◆ **Problem**
Stop after the line that contains "E’ possibile filtrare". Until then, retype each line of the entries exactly from the first one, skipping pictures.

::: Material for this exercise

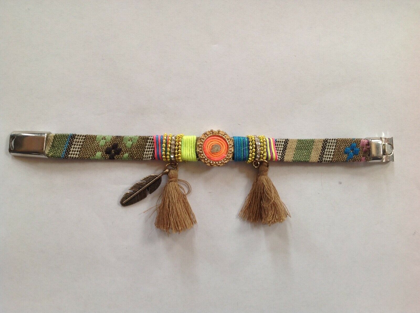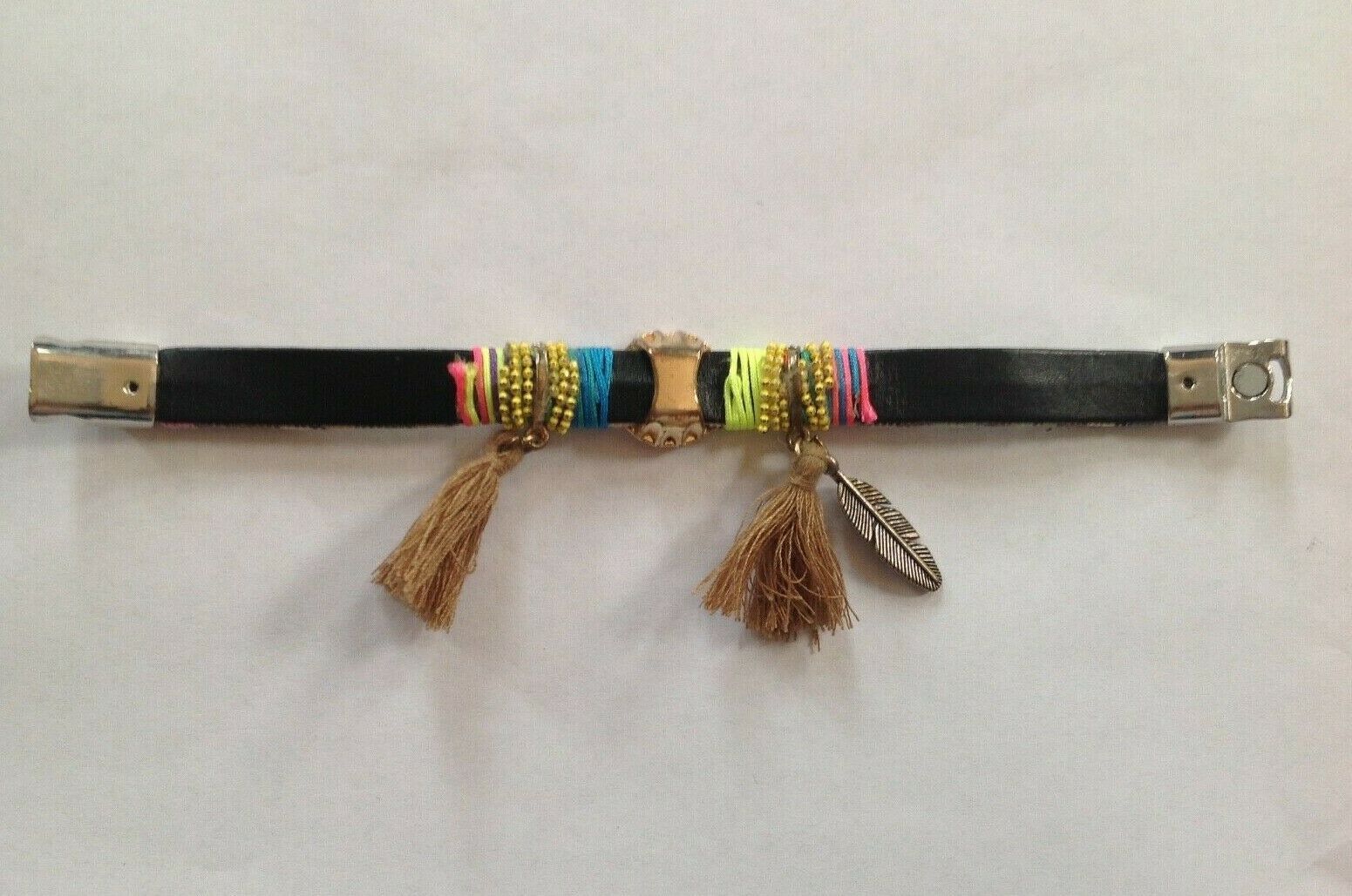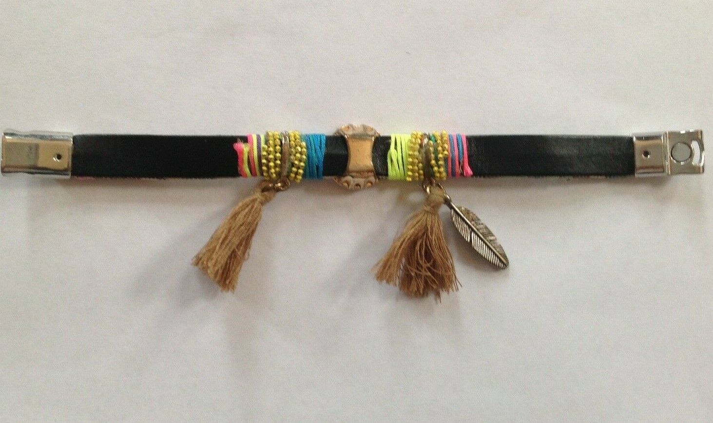 Multi Color Tribal Embellished Tassel Feathered Canvas Bracelet Size Small 7.5", pre owned never used , magnetic clasp. and will be shipped promptly
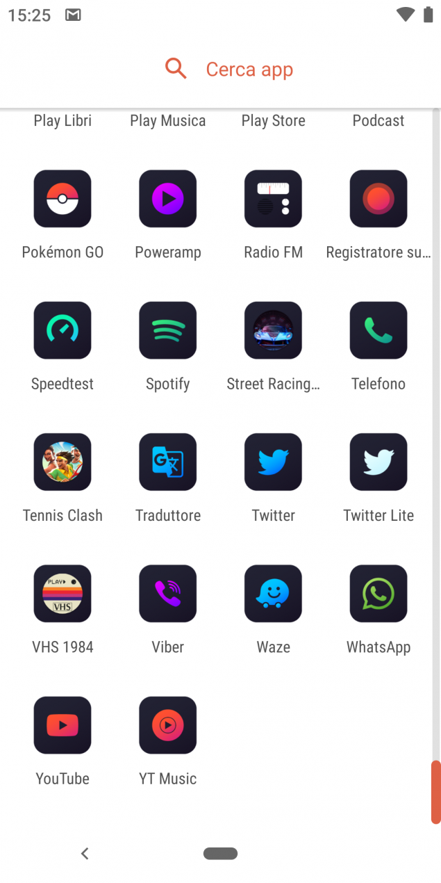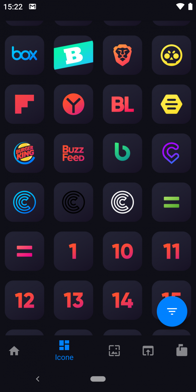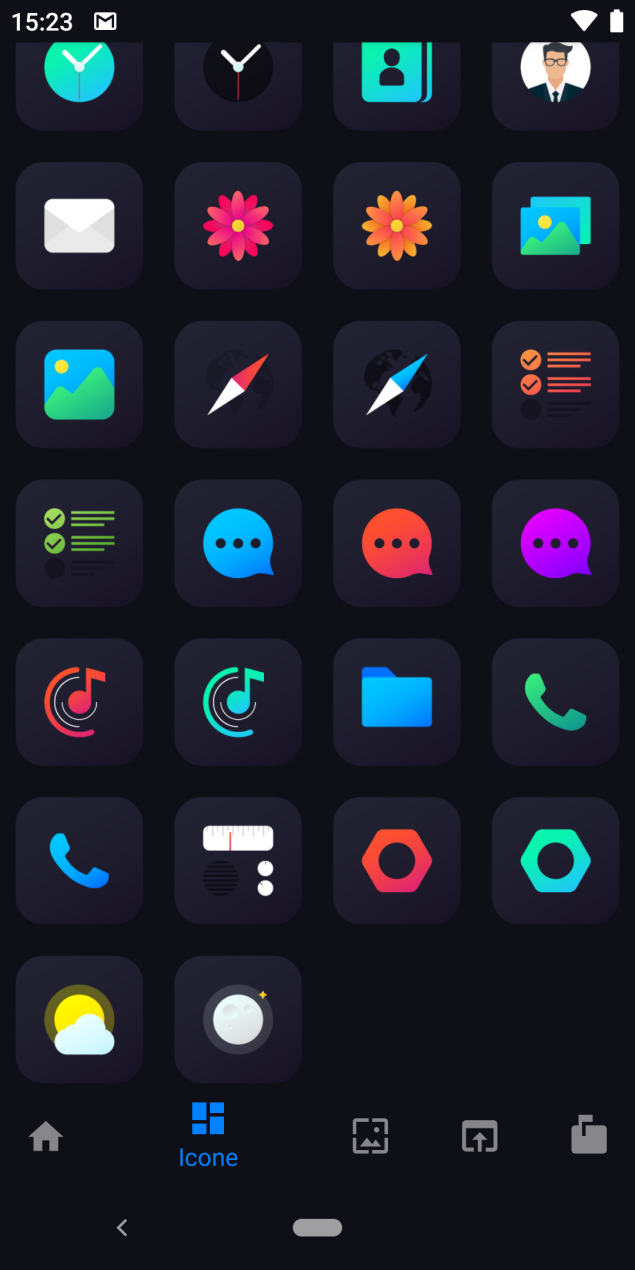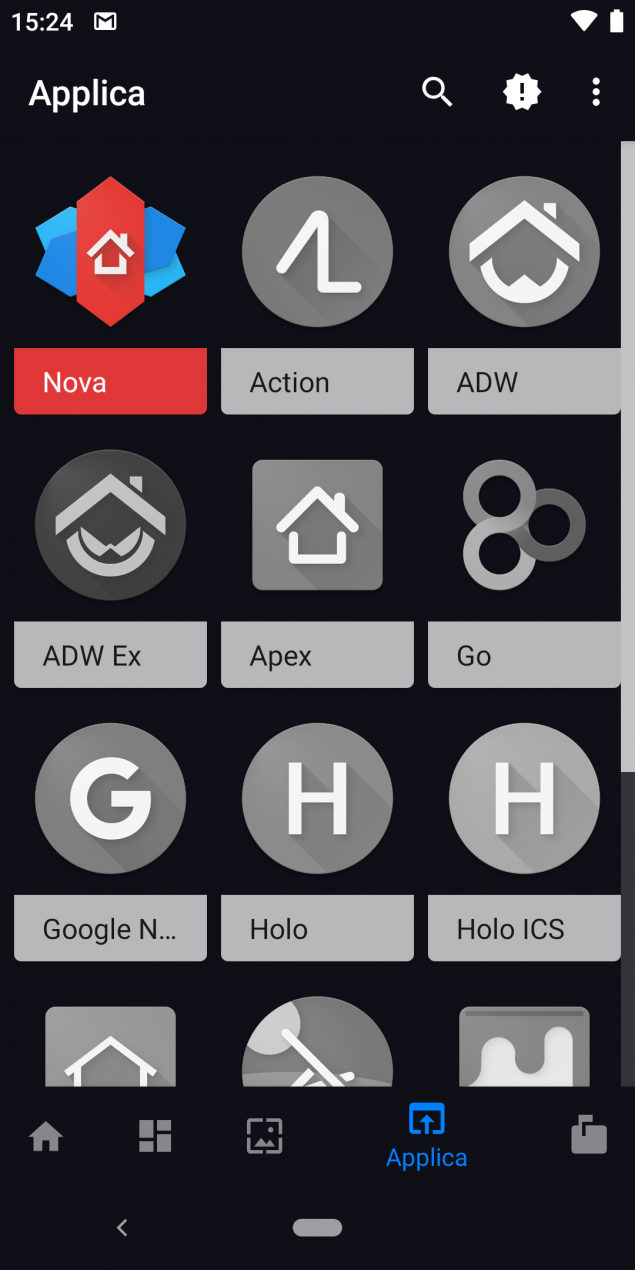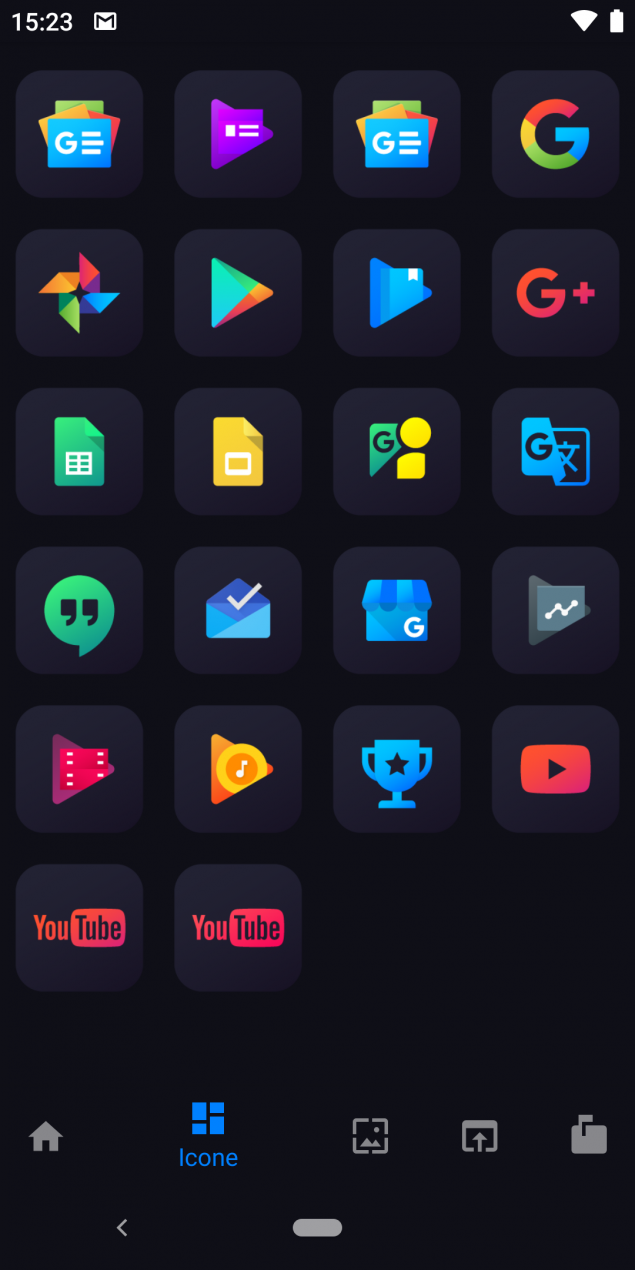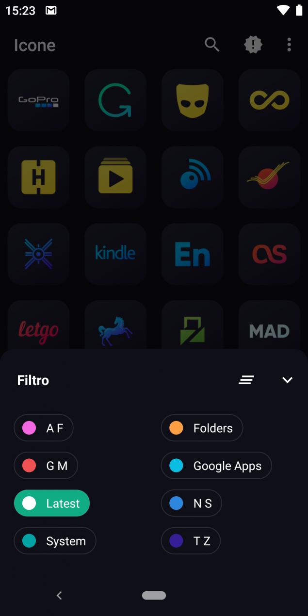 E’ possibile filtrare le icone per sezioni, sistema, app Google e per nome tramite lo strumento per la ricerca testuale integrato, inoltre l’applicazione mette a disposizione anche 18 sfondi che si adattano perfettamente allo stile delle icone.
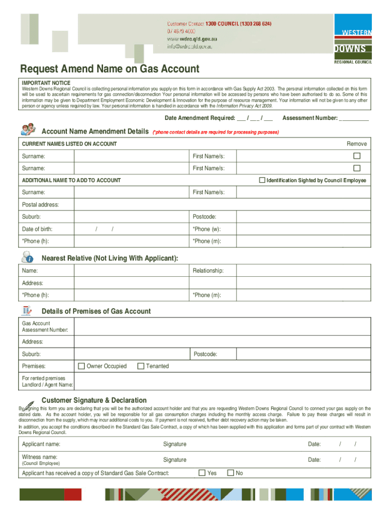 Request Amend Name on Gas Account IMPORTANT NOTICE Western Downs Regional Council is collecting personal information you supply on this form in accordance with Gas Supply Act 2003. The personal information
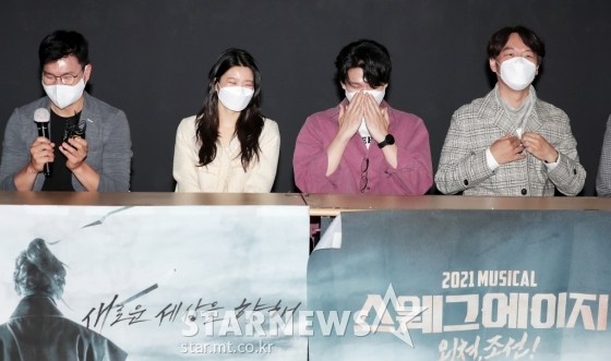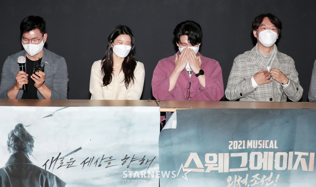 뮤지컬 배우 이경수, 김수하, 양희준, 임현수가 10일 오후 서울 광진구 롯데시네마 건대입구점에서 진행된 뮤지컬 '스웨그 에이지: 외쳐, 조선!' 언론시사회에 및 간담회에서 미소를 짓고 있다.
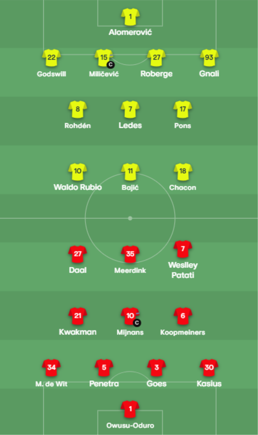 Στον πάγκο: Verhulst, Zoet, Dekker, Sadiq, Chávez, Jensen, Dijkstra, Zeefuik, Šín
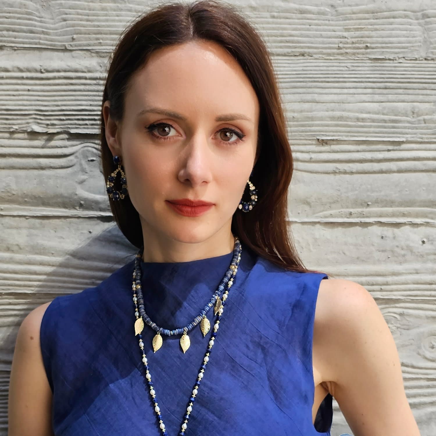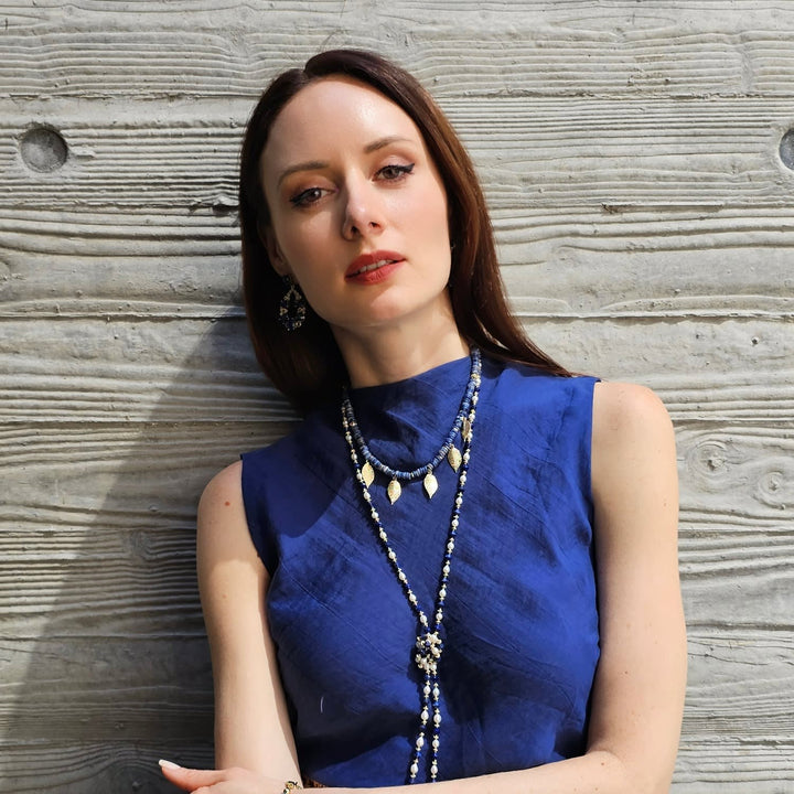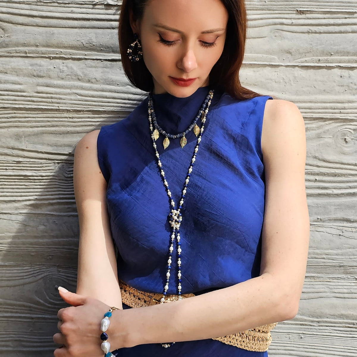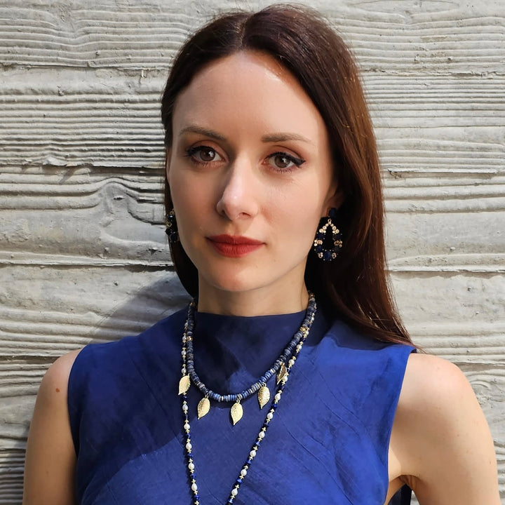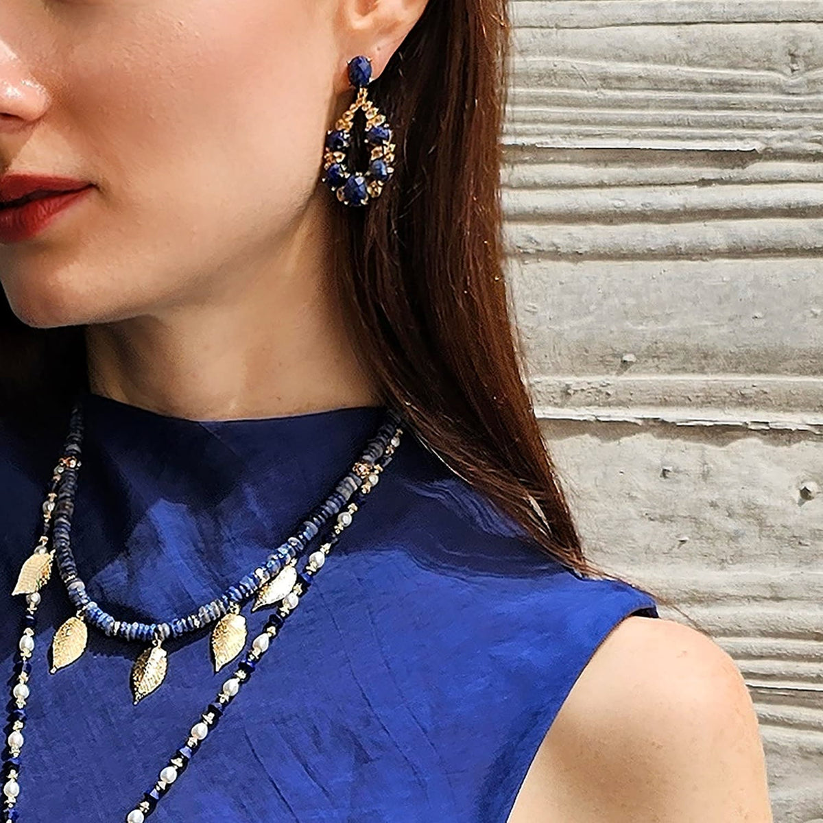 This Bohemian Style Sodalite With Leaves Charms Statement Necklace by Farra is a striking piece with a nature-inspired touch. Vibrant sodalite beads with deep blue hues are beautifully complemented by golden leaf charms, creating a captivating contrast. It’s perfect for adding a bohemian flair to your summer wardrobe.

::::::

◆ **Solution to the exercise**
 Multi Color Tribal Embellished Tassel Feathered Canvas Bracelet Size Small 7.5", pre owned never used , magnetic clasp. and will be shipped promptly
 E’ possibile filtrare le icone per sezioni, sistema, app Google e per nome tramite lo strumento per la ricerca testuale integrato, inoltre l’applicazione mette a disposizione anche 18 sfondi che si adattano perfettamente allo stile delle icone.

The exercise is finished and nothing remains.